The discovery of hypor anosmia as common feature in idiopathic Parkinson’s disease (PD) and dementia of the Alzheimer type (AD) has boosted the interest in olfactory dysfunction in neurodegenerative diseases. In AD, typical histological abnormalities throughout the olfactory system are well documented (Yamagishi et al., 1994; Braak and Braak, 1998; Kovacs et al., 2001), and it has been suggested that AD could be diagnosed by biopsy of the nasal olfactory epithelium (Talamo et al., 1989). However, this procedure has not entered the clinic for several reasons, including doubts on specificity, histological limitations, and the fact that there is a constant replacement of ORNs that might be even accelerated in AD (Hawkes, 2006). Nevertheless, hyposmia/anosmia has been identified as risk factor for subsequent cognitive failure and AD, especially in combination with specific genetic markers (see Graves et al., 1999; Hawkes, 2006, for review).

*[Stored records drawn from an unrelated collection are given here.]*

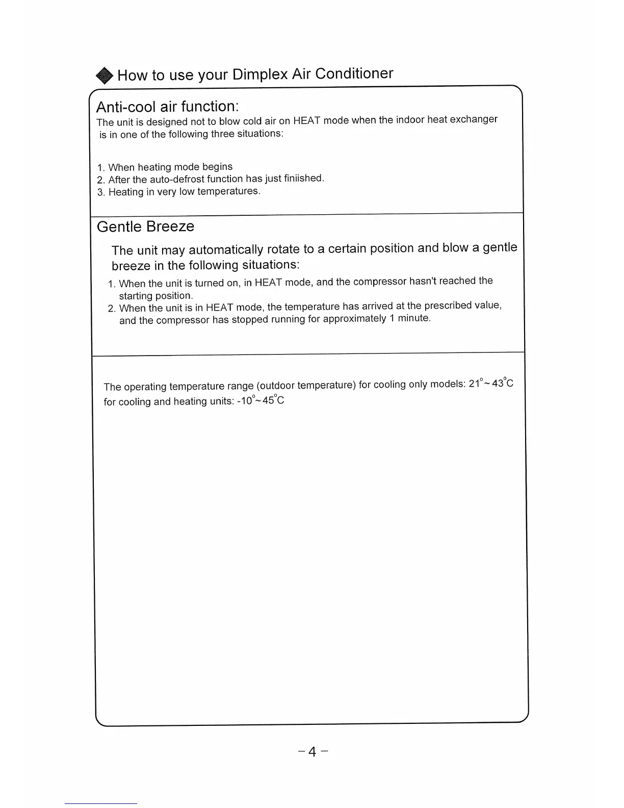 Dimplex GD24I - Anti-Cool Air Function; Gentle Breeze
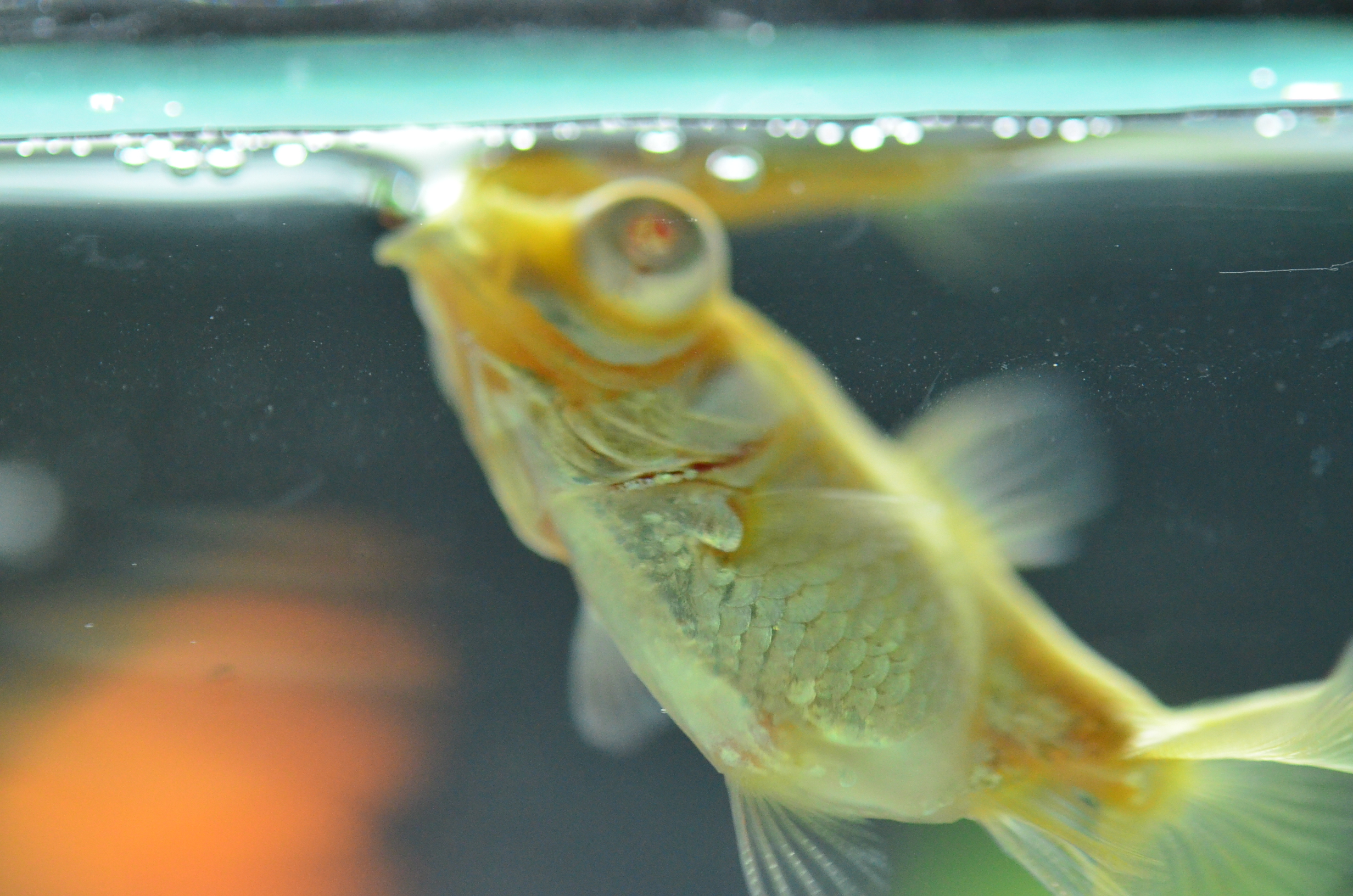 ひっくりかえっていても、近づいて水槽を軽くコンコンってやると普通に泳ぎだすので、そんなに気にはしていなかったです。
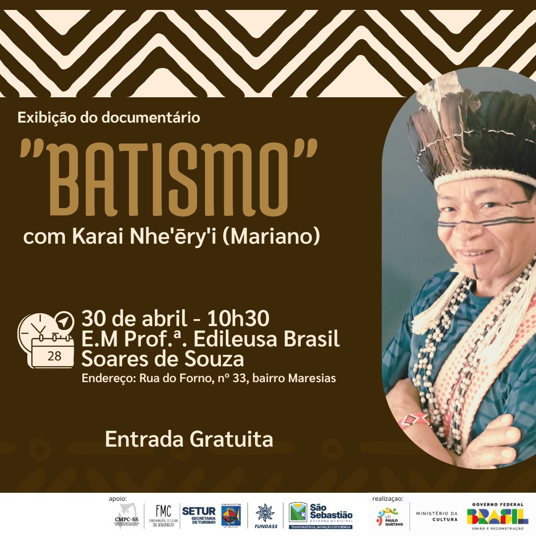 Complementando o projeto, no dia 30 de abril, às 10h30, na EM Prof.ª Edileusa Brasil Soares de Souza, será exibido o documentário ‘Batismo’. O trabalho produzido pelo indígena Karai Nhe'ēry'i (Mariano) propõe informar sobre o ritual tradicional do batismo que faz parte da cultura e da espiritualidade dos povos Tupi-Guarani.
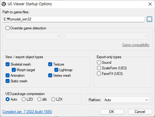 운영체제가 32bit인 경우 umodel.exe 파일을 실행하고
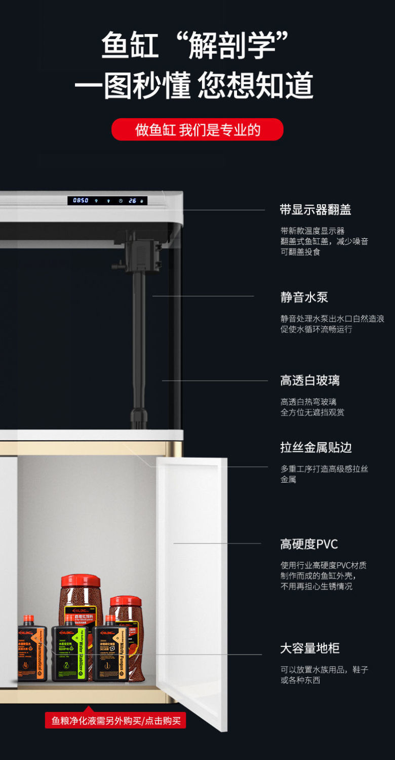 거실 어항 소형 가정용 수족관 바닥 대형 생태 게으른 물없는 유리 금붕어 탱크 캐비닛스토어 가기
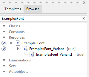 A font resource member, which has been overridden by a variant member is considered as being multi-variant. You can derive as many variants of an original member as you want. Moreover, one font resource variant can override another font resource variant resulting in a hierarchy of variants. With the Browser window you can inspect this hierarchy. Please note, a member overridden by a variant is signed in the Browser with an additional small
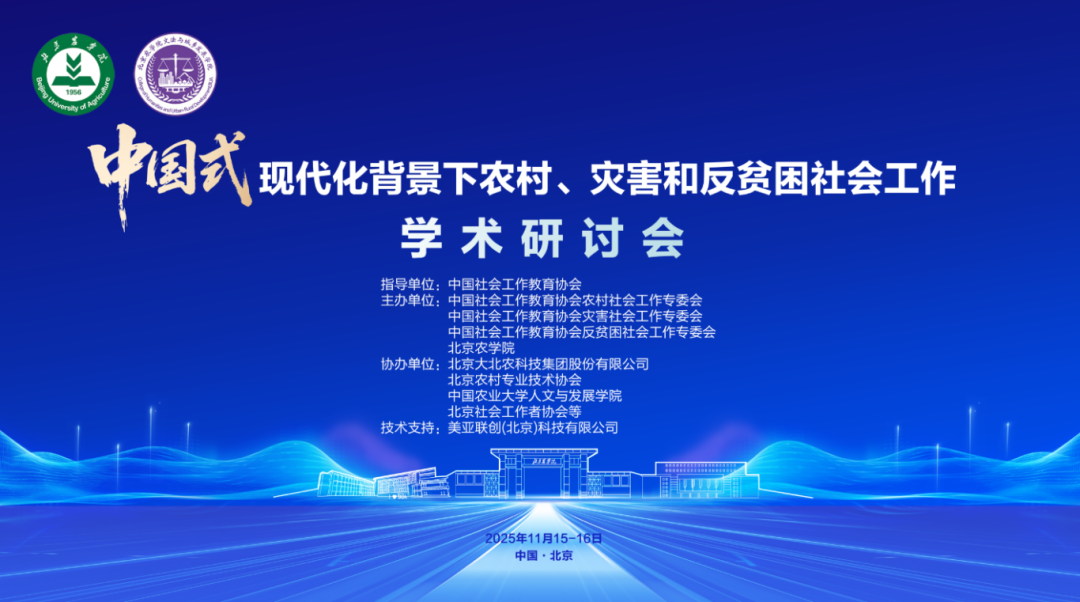 2025年11月15日-16日,“中国式现代化背景下农村、灾害和反贫困社会工作学术研讨会” 在北京成功举办。作为本次会议的技术支持单位,美亚联创(北京)科技有限公司全程助力会议顺利开展,以数智技术为社会工作学术交流与实践创新注入科技动能。本次研讨会汇聚了全国高校学者、社会工作实务专家、行业代表等多方力量,围绕农村振兴、灾害治理、反贫困实践等核心议题展开深入研讨。

Olfactory dysfunction in PD was first reported more than 30 years ago (Ansari and Johnson, 1975), and loss of smell was suggested as risk factor, as well as a screening tool for the development of PD in recent prospective studies (Sommer et al., 2004; Ross et al., 2006; Haehner et al., 2007). This is also of clinical importance with regard to differential diagnosis of PD because there are other neurodegenerative diseases associated with PD symptoms in which loss of smell is absent or much less severe (e.g., multisystem atrophy, essential tremor and others; for review see Hawkes, 2006). Pathological hallmarks of PD (Lewy neuritis and Lewy bodies) are first found in the brainstem, olfactory bulb, and associated anterior olfactory nucleus in the olfactory tract long before the disease becomes clinically apparent (Braak et al., 2003), with Lewy bodies being found in mitral cells of the olfactory bulb (Daniel and Hawkes, 1992) and dystrophic neurites being present in the olfactory epithelium (Crino et al., 1995). Although a detailed analysis of apoptosis in the olfactory bulb beyond anatomical description is still lacking, significant cell loss in the PD olfactory bulb is beyond doubt (Hawkes, 2006). From results in the rodent, it appears that this cell loss can at least partially and temporarily be compensated by increased neurogenesis and cell replacement in the olfactory bulb (Yamada et al., 2004), thereby slowing down symptom onset.